I listed the TLS session resumption issues in the Go 1.20 planning post as a stretch goal (which I didn’t get to). Go 1.21 is the right time to do this.

A “public” HTTP Server mode

I get asked all the time to update my Exposing Go on the Internet post, and indeed a lot changed in the past five years, including finally a way to set per-request timeouts. Things are better now, but there’s still a few knobs that need turning to safely expose net/http to the Internet, because changing the default would be a significant backwards-compatibility break. I was going to write a 2023 edition to list those knobs, but then Russ Cox suggested that we should have a better answer than “here’s what you need to know”.

That might mean a dedicated “Public” mode, which tunes all defaults to the safest settings, maybe all the way to over-conservative configurations, with the right knobs to explicitly relax them, for example after authenticating a request. I like this in particular because sometimes there isn’t a “right” default, and the same cap can be both unusable for some applications and unsafe for some others.

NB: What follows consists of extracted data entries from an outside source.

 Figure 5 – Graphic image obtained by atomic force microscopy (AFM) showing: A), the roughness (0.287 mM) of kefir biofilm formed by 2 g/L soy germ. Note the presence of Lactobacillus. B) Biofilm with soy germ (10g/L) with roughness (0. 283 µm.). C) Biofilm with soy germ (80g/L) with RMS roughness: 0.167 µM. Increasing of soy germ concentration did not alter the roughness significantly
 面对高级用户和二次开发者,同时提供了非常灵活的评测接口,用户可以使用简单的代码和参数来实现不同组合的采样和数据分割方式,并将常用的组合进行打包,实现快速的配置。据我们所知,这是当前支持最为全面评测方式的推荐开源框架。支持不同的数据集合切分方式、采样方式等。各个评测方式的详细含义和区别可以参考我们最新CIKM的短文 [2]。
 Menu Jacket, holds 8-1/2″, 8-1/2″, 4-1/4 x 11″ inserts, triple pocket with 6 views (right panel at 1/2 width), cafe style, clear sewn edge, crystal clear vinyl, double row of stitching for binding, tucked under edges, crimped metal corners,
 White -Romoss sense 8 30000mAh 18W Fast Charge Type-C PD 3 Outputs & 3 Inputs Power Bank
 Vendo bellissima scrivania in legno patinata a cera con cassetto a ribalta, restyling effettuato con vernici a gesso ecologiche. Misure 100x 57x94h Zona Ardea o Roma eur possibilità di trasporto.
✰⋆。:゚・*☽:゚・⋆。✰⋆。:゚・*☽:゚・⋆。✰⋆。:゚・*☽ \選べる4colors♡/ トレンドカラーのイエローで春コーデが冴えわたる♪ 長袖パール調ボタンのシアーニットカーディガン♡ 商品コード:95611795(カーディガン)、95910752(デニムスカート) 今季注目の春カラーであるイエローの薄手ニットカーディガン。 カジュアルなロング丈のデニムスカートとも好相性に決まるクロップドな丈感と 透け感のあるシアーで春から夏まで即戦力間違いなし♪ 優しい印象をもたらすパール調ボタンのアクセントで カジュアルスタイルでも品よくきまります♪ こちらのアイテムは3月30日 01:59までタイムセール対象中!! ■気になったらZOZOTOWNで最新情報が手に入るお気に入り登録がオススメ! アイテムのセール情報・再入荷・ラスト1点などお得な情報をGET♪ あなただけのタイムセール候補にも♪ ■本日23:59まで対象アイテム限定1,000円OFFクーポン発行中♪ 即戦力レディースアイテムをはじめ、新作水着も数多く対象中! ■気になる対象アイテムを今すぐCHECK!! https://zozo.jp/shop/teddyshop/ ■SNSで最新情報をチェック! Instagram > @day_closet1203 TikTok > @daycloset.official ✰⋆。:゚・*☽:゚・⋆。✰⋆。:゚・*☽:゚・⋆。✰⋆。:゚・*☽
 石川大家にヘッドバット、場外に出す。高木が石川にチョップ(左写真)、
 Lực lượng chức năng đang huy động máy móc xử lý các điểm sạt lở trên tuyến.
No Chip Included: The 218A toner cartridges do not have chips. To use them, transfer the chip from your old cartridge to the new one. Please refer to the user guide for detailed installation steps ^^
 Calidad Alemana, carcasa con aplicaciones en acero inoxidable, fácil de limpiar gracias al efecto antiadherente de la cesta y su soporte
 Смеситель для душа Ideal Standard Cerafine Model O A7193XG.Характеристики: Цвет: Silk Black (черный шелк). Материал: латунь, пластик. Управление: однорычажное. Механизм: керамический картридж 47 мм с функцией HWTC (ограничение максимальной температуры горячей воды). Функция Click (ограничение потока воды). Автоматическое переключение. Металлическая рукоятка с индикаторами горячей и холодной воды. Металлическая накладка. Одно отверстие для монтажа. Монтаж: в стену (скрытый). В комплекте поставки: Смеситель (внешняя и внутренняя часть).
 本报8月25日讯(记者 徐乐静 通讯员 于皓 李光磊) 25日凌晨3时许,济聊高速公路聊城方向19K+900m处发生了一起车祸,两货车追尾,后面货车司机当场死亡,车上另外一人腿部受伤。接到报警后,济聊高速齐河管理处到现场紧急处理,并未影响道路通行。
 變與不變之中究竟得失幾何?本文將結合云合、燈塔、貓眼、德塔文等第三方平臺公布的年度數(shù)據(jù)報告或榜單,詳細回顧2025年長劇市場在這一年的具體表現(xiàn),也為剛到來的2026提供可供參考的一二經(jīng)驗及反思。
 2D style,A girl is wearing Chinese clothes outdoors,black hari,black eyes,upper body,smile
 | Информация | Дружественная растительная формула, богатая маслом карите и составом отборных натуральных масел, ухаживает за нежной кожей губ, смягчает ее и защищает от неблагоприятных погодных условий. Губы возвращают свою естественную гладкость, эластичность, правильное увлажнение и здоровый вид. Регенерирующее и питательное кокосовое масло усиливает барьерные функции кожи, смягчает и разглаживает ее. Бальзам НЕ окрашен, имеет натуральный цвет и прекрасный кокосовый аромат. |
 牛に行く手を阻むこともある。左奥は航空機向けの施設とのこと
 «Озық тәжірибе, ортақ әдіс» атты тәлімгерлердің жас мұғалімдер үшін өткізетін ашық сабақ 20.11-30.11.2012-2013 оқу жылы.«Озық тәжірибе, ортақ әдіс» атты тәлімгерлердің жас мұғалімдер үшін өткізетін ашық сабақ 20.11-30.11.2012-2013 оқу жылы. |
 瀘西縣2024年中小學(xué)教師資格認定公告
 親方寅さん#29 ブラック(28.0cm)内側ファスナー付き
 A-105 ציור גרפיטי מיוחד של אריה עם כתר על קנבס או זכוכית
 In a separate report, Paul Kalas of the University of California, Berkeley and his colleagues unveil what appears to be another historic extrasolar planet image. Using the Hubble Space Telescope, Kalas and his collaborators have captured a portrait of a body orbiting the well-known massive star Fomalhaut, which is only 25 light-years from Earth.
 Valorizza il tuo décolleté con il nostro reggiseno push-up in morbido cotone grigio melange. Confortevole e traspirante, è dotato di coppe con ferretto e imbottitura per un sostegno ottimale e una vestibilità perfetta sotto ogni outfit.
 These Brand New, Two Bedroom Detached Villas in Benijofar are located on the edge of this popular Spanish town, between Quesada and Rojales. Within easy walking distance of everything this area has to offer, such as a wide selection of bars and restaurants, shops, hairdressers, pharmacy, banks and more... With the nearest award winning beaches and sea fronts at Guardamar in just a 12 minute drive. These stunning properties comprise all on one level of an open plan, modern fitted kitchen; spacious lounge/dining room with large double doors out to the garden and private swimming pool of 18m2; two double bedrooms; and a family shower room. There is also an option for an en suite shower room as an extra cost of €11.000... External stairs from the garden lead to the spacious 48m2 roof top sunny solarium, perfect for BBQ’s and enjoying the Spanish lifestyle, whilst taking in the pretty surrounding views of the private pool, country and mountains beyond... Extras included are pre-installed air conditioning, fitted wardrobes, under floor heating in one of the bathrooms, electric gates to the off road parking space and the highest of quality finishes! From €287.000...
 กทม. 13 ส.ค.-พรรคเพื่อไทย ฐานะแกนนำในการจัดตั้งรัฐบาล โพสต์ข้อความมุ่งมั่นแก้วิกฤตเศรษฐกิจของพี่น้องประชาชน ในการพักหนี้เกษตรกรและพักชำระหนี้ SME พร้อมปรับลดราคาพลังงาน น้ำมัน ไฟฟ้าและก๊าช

Public mode would set those to zero (or whatever the fail-closed option is), and let the application tune it.

An interesting thought is whether that mode should also come with a relaxed backwards-compatibility commitment, saying we reserve the right to make changes if we identify new things that need to be tightened.⁴ The argument in favor is that otherwise this is our one chance to get all things right, and if we miss something we’ll be stuck for the next ten years with a “safe” mode that is safer but not entirely safe by default. The argument against is the same as any relaxing of the compatibility promise: if you upgrade Go and your application stops working, you are sad.

X.509 X.509 X.509

Go 1.20 includes the new SetFallbackRoots API we talked about in the recap. The idea is that it will be used as a hook by the golang.org/x/crypto/x509roots/fallback package, which when imported makes a root CA bundle available in case the system doesn’t have any (like empty containers). The x509roots discussion is wrapping up but just as we finalized the original plan, TrustCor went and got distrusted for new certificates. We could just exclude it from the fallback package, and we plan to start by doing that, but the reality is that trust stores are more than a list of roots: they have arbitrary logic embedded in them (like requiring SCTs, limiting the TLDs a CA can issue for, or restricting the issuance date of certificate like in this case). Roland and I discussed a solution that allows CertPool entries to have custom code attached to them so we can add arbitrary restrictions. I am pretty happy with it, because it’s tightly scoped, only accessible at root addition time, and pretty future-proof. Who knows, maybe one day even Linux will figure out how to have proper root stores, and we’ll be ready.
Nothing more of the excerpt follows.